# Chain reaction



## kwflatbed (Dec 29, 2004)

*Chain reaction: Pedal police nab alleged teen car thieves
*By *Michele McPhee
*


*T*he Boston police bicycle squad pedaled furiously to chase a racing stolen car, then surrounded the suspects like a swarm of bees to arrest them.


The Special Operations Tactical Bike Unit - which was created as a temporary squad to combat summer violence, but will now become a permanent unit - spotted the car careening down Clifton Street in Roxbury about 8:30 p.m. Tuesday.

One of the officers called in the license plate, discovering the car was stolen, and a sergeant and 14 bike cops began to pedal madly after the vehicle.
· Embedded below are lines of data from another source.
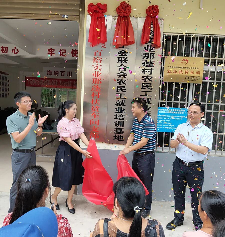 7月2日上午,兩新組織百裕實(shí)業(yè)大隆鎮(zhèn)那蓬村扶貧車(chē)間黨支部舉行揭牌儀式,岑溪市委副書(shū)記韋學(xué)文,岑溪市委組織部副部長(zhǎng)、兩新組織黨工委書(shū)記梁越,百裕實(shí)業(yè)黨支部書(shū)記、總經(jīng)理曾晏來(lái),百裕實(shí)業(yè)那蓬村扶貧車(chē)間支部書(shū)記黃春華,黨員職工代表等共同參加了揭牌儀式。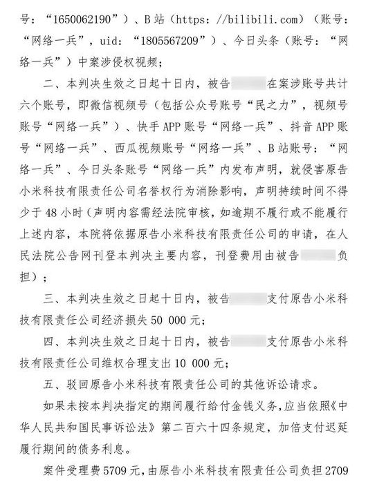 近日,就小米公司与自媒体“民之力”(又名“网络一兵”)网络侵权责任纠纷一案,法院作出一审判决。法院认定被告存在侮辱、诽谤行为,侵害了小米公司的名誉权。判令被告删除在抖音、头条、哔哩哔哩、西瓜视频、快手、微信视频号、微信公众号平台账号内发布的侵权内容,发布声明消除给小米公司造成的负面影响,并赔偿小米公司各项损失共计6万元。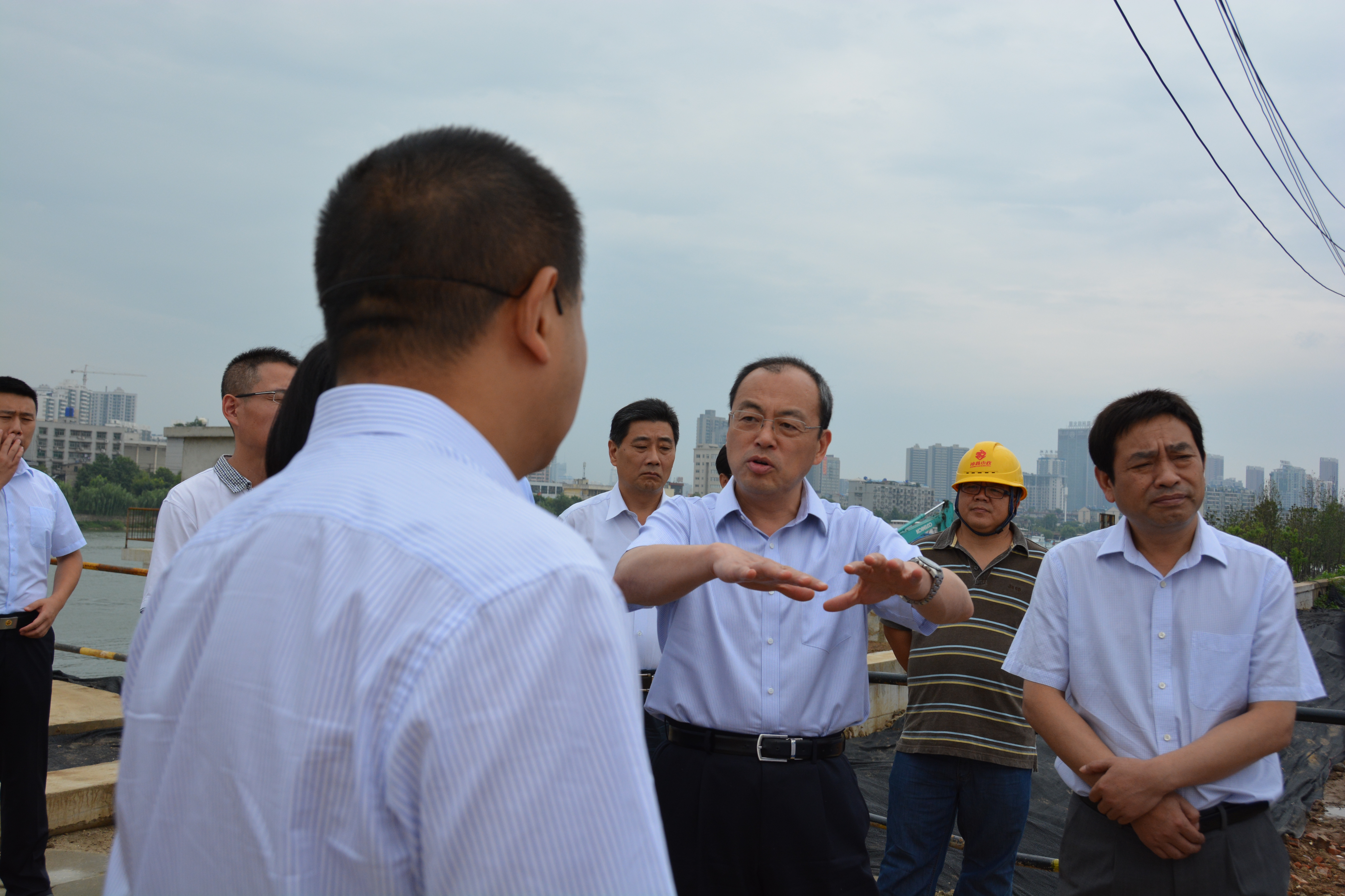 7月6日上午,省委常委、市委書記阮成發(fā)率隊檢查全市防汛抗旱工作,其中一站就是由鐘鑫公司承建的漢鋼西泵站工程。

Shaken by the swirling silver wheels and rush of blue pantlegs, the alleged thieves dumped the stolen car on Shirley Street and took off running.

They were no match for the bicycle squad, whose members managed to catch up to the teens even after they tried to flee into a labyrinthine housing project.

Three teens were charged with receiving a stolen motor vehicle.

One suspect, a 16-year-old Dorchester teen, was not identified. His alleged accomplices, Sandro Rosa, 17, of Dorchester and Armando Gomez, 17, of Roxbury, are expected to stand alongside him in Roxbury District Court today.


----------



## Crvtte65 (May 19, 2002)

Alright! I'm glad they are keeping them around. It would have been much harder to catch them if they were in crusiers after they dumped the car. Bike vs. feet is a good thingB:


----------



## bikecop34 (Jul 15, 2004)

They can run...but we can fly!!!I wouldn't give up my bike for anything...except maybe heavy snow fall


----------